#### Aim of the exercise:
What you write must match, character for character, the lines from the one with "Nestled on a" down to the one with "從對(duì)比畫面可以看出" in the listing below, minus its pictures.

#### Given data:
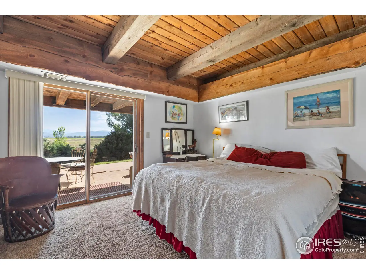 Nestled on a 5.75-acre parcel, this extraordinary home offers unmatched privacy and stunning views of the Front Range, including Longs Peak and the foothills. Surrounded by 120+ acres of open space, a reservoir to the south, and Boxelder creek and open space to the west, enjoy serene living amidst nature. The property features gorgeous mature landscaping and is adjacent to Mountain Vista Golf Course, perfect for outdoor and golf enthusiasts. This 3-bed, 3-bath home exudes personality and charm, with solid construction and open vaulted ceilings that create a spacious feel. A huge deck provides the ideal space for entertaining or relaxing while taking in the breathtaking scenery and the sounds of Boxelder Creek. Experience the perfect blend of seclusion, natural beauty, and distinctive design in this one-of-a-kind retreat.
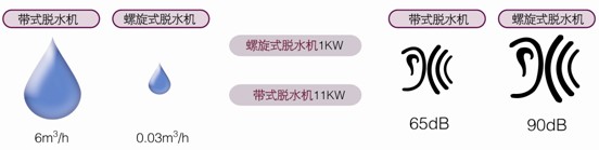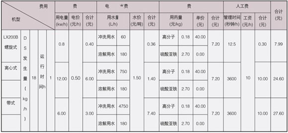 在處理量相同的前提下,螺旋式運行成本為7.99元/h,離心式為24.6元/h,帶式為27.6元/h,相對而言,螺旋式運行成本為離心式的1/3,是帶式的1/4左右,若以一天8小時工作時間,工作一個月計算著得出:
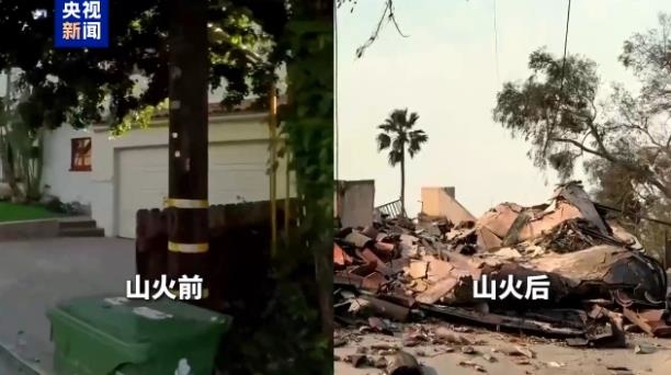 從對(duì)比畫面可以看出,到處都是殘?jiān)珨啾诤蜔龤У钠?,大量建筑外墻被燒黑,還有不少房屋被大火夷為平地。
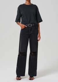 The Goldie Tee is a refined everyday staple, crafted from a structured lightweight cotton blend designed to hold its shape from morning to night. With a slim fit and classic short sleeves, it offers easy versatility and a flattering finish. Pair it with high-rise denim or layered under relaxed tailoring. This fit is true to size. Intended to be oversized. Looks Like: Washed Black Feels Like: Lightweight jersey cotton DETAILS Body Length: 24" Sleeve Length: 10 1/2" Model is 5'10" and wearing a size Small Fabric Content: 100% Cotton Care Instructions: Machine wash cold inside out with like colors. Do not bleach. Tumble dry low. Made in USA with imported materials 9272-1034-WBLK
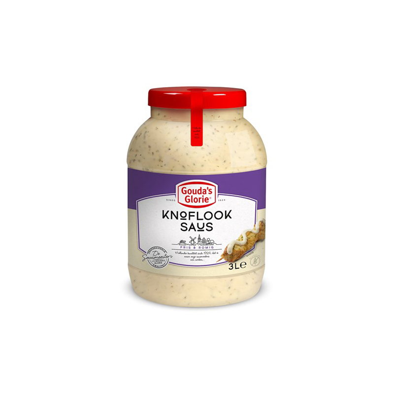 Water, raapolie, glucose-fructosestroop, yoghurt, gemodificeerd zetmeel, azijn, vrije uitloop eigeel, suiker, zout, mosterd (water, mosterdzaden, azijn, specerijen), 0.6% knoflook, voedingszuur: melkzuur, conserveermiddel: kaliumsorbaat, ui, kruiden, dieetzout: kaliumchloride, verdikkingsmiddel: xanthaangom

==

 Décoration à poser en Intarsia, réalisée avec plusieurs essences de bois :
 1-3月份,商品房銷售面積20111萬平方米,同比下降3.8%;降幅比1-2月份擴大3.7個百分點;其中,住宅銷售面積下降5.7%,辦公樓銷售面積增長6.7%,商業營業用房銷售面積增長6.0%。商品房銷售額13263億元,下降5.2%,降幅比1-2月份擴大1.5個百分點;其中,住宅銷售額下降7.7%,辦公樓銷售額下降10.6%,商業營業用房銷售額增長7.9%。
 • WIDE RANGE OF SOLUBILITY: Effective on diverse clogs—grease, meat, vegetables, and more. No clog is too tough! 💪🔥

#### Your response:
 Nestled on a 5.75-acre parcel, this extraordinary home offers unmatched privacy and stunning views of the Front Range, including Longs Peak and the foothills. Surrounded by 120+ acres of open space, a reservoir to the south, and Boxelder creek and open space to the west, enjoy serene living amidst nature. The property features gorgeous mature landscaping and is adjacent to Mountain Vista Golf Course, perfect for outdoor and golf enthusiasts. This 3-bed, 3-bath home exudes personality and charm, with solid construction and open vaulted ceilings that create a spacious feel. A huge deck provides the ideal space for entertaining or relaxing while taking in the breathtaking scenery and the sounds of Boxelder Creek. Experience the perfect blend of seclusion, natural beauty, and distinctive design in this one-of-a-kind retreat.
 在處理量相同的前提下,螺旋式運行成本為7.99元/h,離心式為24.6元/h,帶式為27.6元/h,相對而言,螺旋式運行成本為離心式的1/3,是帶式的1/4左右,若以一天8小時工作時間,工作一個月計算著得出:
 從對(duì)比畫面可以看出,到處都是殘?jiān)珨啾诤蜔龤У钠?,大量建筑外墻被燒黑,還有不少房屋被大火夷為平地。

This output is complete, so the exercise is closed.